▶ Provided data
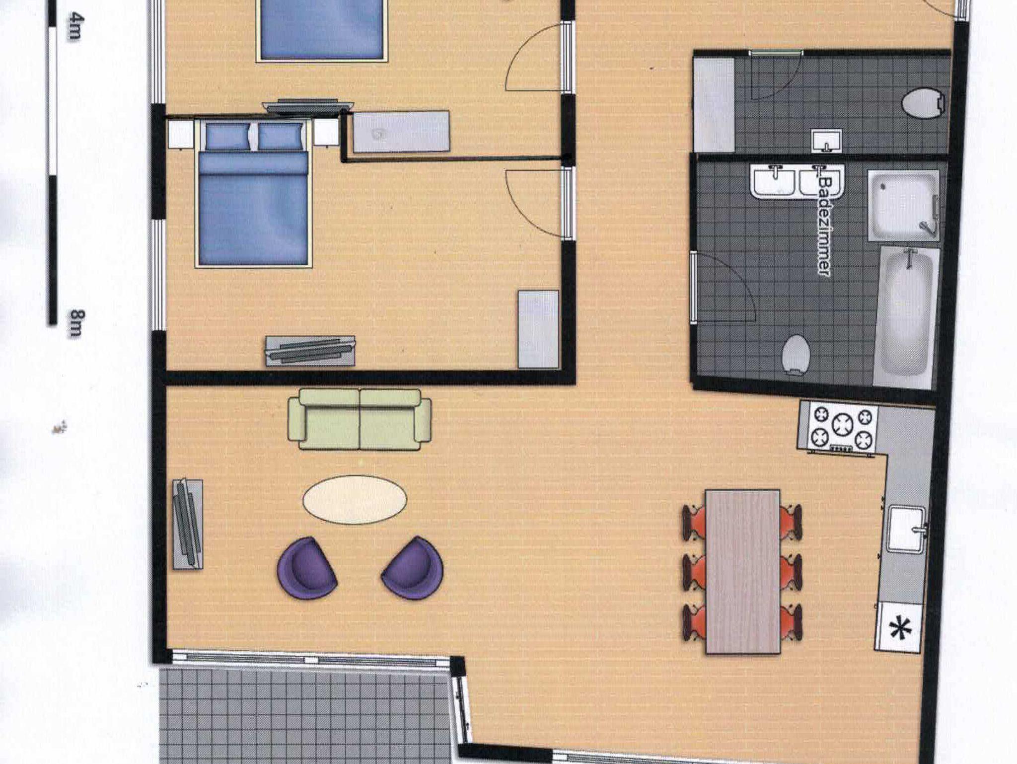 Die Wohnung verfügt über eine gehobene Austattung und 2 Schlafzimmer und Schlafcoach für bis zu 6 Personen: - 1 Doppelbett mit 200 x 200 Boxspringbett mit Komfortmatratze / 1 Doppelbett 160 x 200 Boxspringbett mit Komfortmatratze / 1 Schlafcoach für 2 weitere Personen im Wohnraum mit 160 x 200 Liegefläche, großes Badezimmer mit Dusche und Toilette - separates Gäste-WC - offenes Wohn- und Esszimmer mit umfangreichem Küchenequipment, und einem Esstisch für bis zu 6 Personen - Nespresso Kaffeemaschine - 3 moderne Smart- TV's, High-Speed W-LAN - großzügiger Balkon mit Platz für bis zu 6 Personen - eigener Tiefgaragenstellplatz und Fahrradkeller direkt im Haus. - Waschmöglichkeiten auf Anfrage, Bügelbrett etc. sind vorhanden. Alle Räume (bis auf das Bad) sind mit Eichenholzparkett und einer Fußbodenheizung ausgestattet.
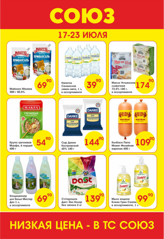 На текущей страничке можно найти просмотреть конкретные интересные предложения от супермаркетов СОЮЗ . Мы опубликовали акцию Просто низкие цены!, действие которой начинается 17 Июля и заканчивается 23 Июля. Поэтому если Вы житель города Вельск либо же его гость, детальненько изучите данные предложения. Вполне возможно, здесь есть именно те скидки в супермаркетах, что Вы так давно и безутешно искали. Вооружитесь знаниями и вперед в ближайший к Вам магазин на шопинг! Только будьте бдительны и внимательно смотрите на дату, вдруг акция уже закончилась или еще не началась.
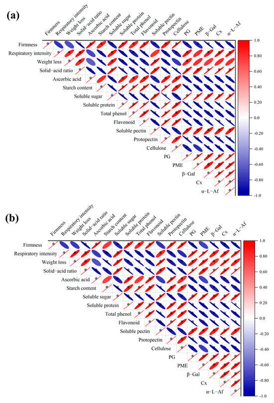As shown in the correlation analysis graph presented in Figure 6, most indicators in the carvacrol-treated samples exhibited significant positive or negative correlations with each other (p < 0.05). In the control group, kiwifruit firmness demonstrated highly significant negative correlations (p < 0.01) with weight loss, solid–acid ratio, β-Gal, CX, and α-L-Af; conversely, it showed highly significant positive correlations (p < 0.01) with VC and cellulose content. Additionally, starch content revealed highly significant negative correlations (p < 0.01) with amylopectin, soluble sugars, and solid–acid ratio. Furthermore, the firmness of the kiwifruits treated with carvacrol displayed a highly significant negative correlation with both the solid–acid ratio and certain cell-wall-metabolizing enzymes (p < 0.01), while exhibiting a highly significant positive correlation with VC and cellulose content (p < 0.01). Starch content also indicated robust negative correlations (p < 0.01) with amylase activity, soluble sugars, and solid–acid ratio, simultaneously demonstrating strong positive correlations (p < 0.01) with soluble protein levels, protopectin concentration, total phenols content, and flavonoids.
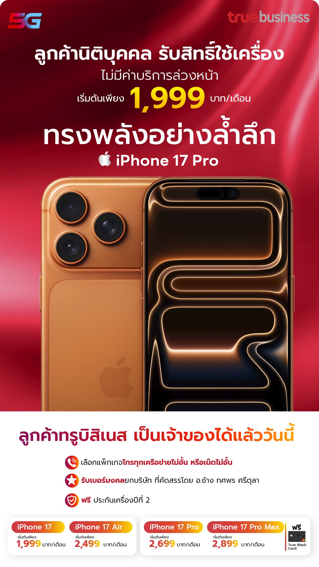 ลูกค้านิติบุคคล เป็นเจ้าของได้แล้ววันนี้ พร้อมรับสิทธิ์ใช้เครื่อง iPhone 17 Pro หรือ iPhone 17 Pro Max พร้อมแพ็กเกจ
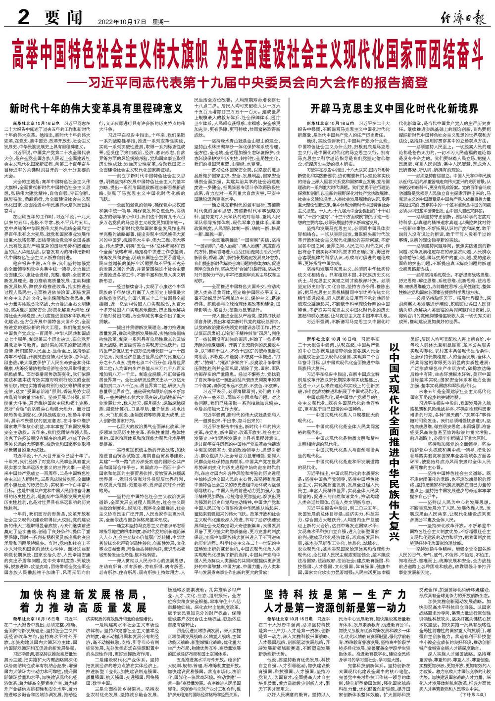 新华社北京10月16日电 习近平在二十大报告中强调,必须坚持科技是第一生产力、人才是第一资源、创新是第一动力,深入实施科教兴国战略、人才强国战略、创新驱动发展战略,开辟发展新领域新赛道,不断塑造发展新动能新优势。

▶ Assigned task
The lines to be quoted run from the line containing "Pro Max พร้อมแพ็กเกจ" through the end of the entries above, both included; quote them exactly and leave out any pictures.

▶ Solution to this problem
 ลูกค้านิติบุคคล เป็นเจ้าของได้แล้ววันนี้ พร้อมรับสิทธิ์ใช้เครื่อง iPhone 17 Pro หรือ iPhone 17 Pro Max พร้อมแพ็กเกจ
 新华社北京10月16日电 习近平在二十大报告中强调,必须坚持科技是第一生产力、人才是第一资源、创新是第一动力,深入实施科教兴国战略、人才强国战略、创新驱动发展战略,开辟发展新领域新赛道,不断塑造发展新动能新优势。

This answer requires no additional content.